Last edited by kenanderson; 02/09/14 09:35 PM.
Joined: Feb 2014
Posts: 4
New Member
Ok let's try again, can't edit previous post....
FB won't allow URL linkage I let's try angelfire

problem #9 on the pic

Joined: Apr 2002
Posts: 7,288
Likes: 4
OK the second link works...
You have 5 Ohms written as an answer.

The resistors are of equal value, they are parallel, and 5 ohms is correct.

5 + 7 in series = 12
12 & 12 parallel = 6
(Use two of eq value equals value of one divided by 2)
12/2 = 6

6 +4 in series = 10
10 & 10 in parallel = 5 ohms as answer

Joined: Feb 2014
Posts: 4
New Member
i am working on number 9 also. The rest of the question is as follows:What is the value of each resistor it the ammeter indicates 8 amps?

Joined: Jun 2004
Posts: 1,273
V = IR

Treat the resistors as if they were one unified value...

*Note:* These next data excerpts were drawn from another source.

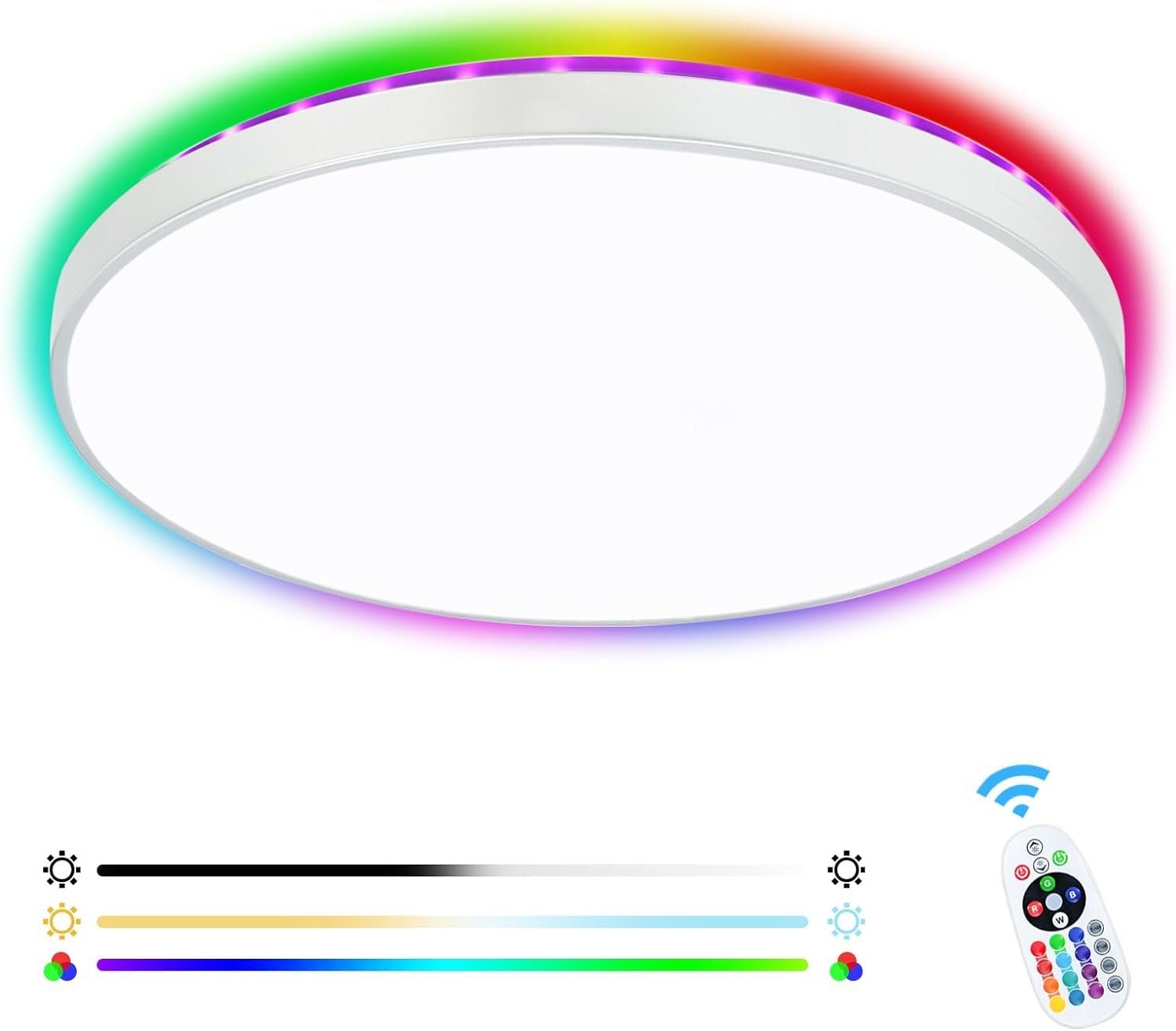 Wählen Sie aus 3 Farbtemperaturen (3000K-6000K) für die perfekte Beleuchtung. Die Helligkeit ist von 10% bis 100% dimmbar, und es stehen 4 verschiedene Dimmstufen zur Verfügung. Diese Deckenleuchte verfügt über eine Speicherfunktion, die Ihre bevorzugten Einstellungen beibehält.
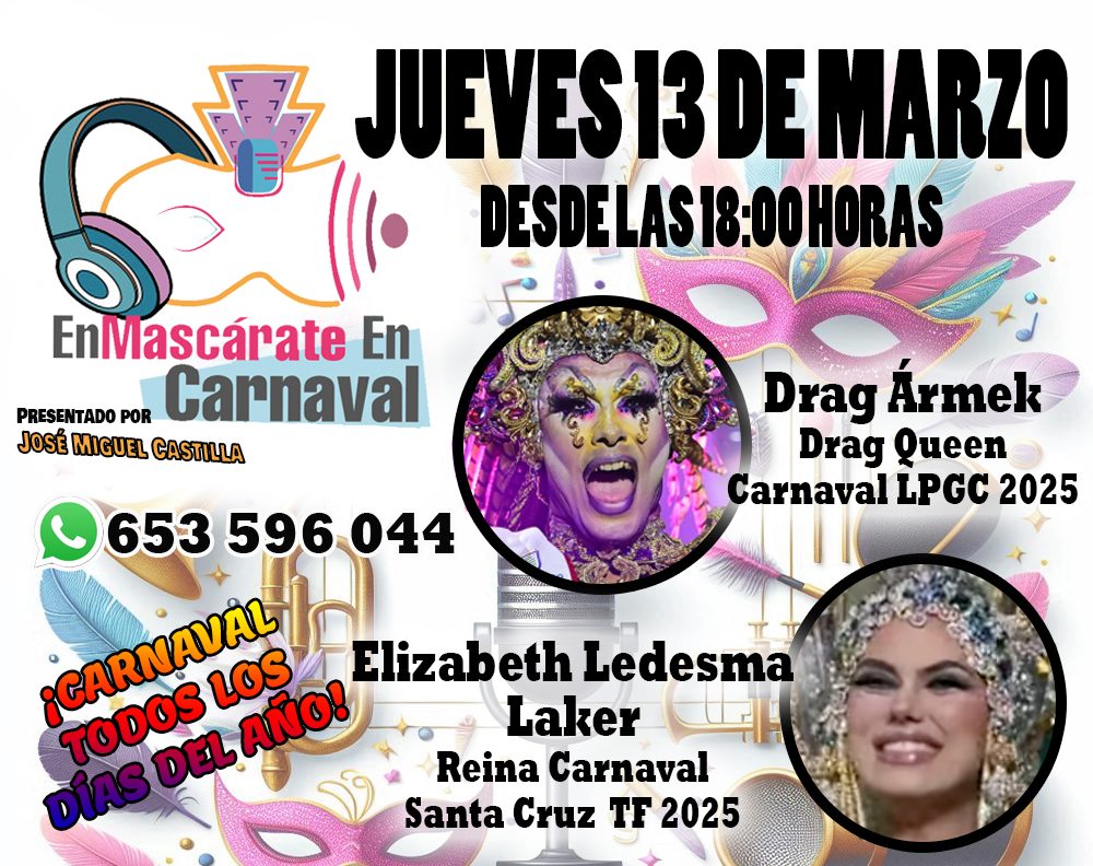 La energía del Carnaval se potencia con la participación del público. En ‘EnMascárate En Carnaval’ queremos escuchar tu voz. ¿Qué piensas sobre esta fiesta? ¿Tienes preguntas para nuestros invitados? Ahora es más sencillo que nunca, ya que hemos habilitado una línea de WhatsApp para que nos envíes tus mensajes y consultas al 653596044.
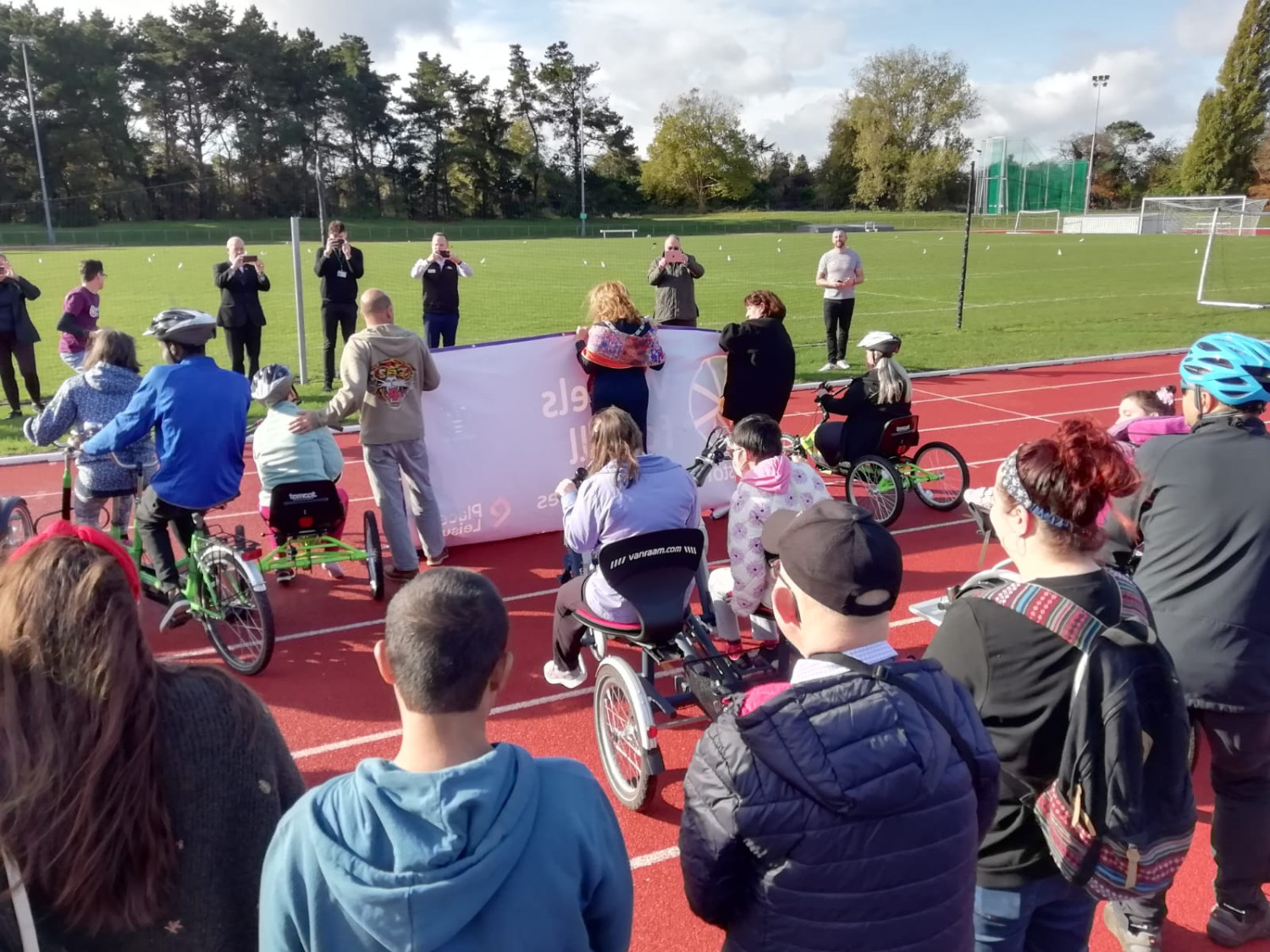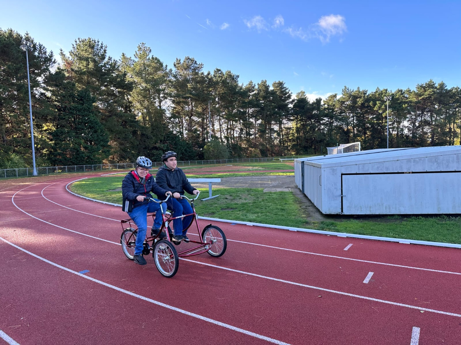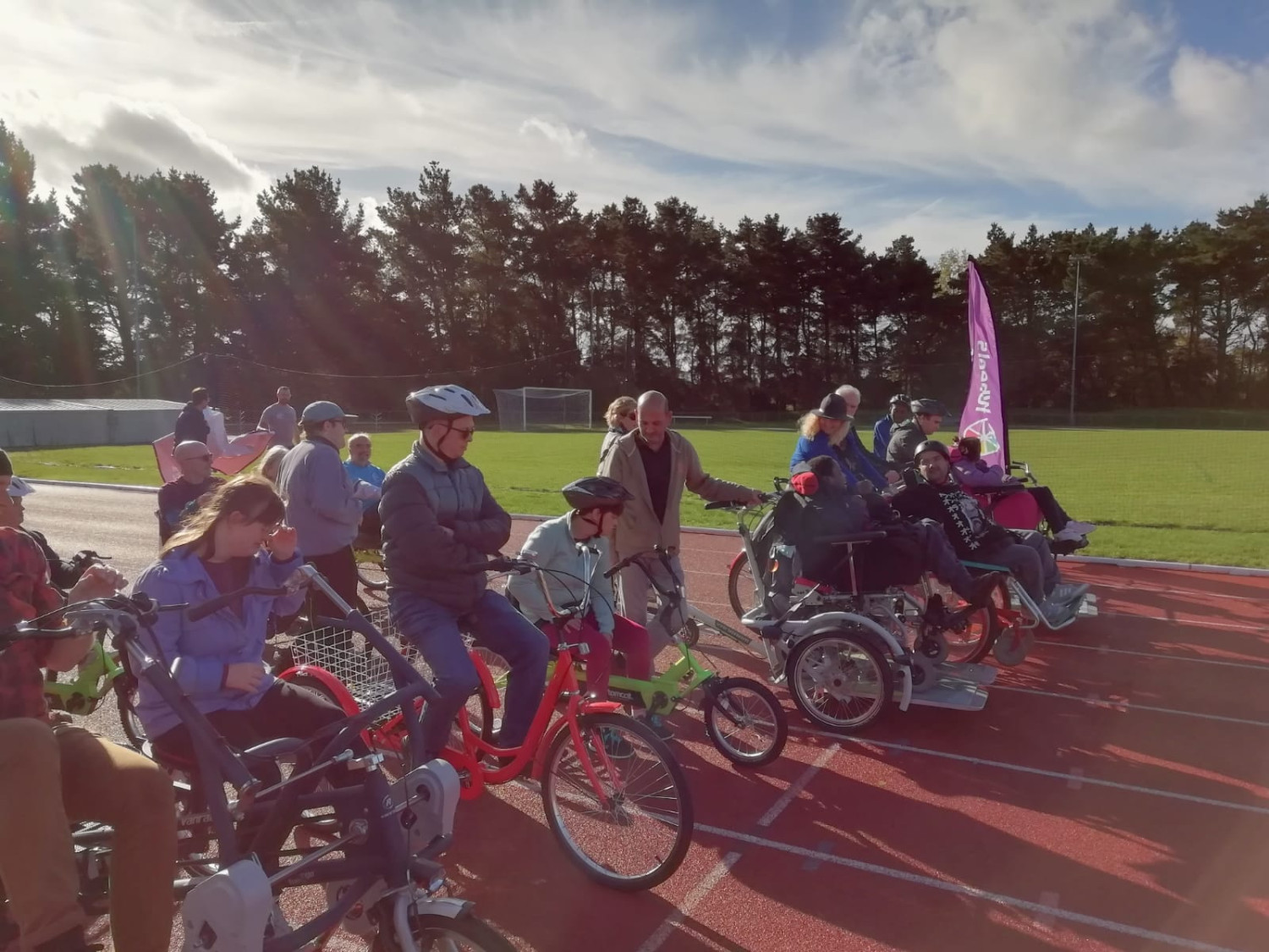 A: 2 people came along who are partially-sighted, and a volunteer was able to take them out on a side-by-side: that way the partially-sighted rider is able to sit on a cycle saddle and ride with 4 wheels – get that feeling of being back on a conventional saddle.

I = 8 amps, per your post...

What was the voltage?

Now figure out what your algebra indicates must be the equivalent circuit...

See John's calc's above.^^^

You ought to have Ugly's to hand...

And plainly need to hit the books on first semester algebra.

All electrical problems take these forms.

You might benefit by going to Kahn Academy.

It's free, on the Web, and self-paced.

Perhaps a bit too much at first:

This is the diagram that's on the cover of Ugly's:

I always is used for current ( Unless you're in Physics... then the professor likes to use j.)

R always is used for resistance.

V for voltage is dominant in American usage, E is dominant elsewhere -- again both mean the applied voltage.

For Alternating Current, the voltage always refers to the RMS (Root Mean Square) voltage of the AC waveform.

{ the RMS Voltage x Current in an AC scheme is equal in power to the DC Voltage x Current in a DC scheme. }

Consequently, when these two schemes first met the marketplace, Tesla and Westinghouse pitched the RMS voltage so as to simplfy field calculations -- such as yours.

It was slow going for AC until Tesla published all of the math. Overnight, AC took over long distance distribution. It all came down to the V = IR equation.

Joined: Apr 2002
Posts: 7,288
Likes: 4
As Tesla suggests, you should buy an Uglys book.

Under $20, available at the ECN store right here.

It has all the formulas and 'how to'; you should also have it in the text fromyour class.

Math is very important. 'Basic Electricity' is one of the courses that I used to teach at a County Vo-Tech. I had Uglys as a class mandatory textbook.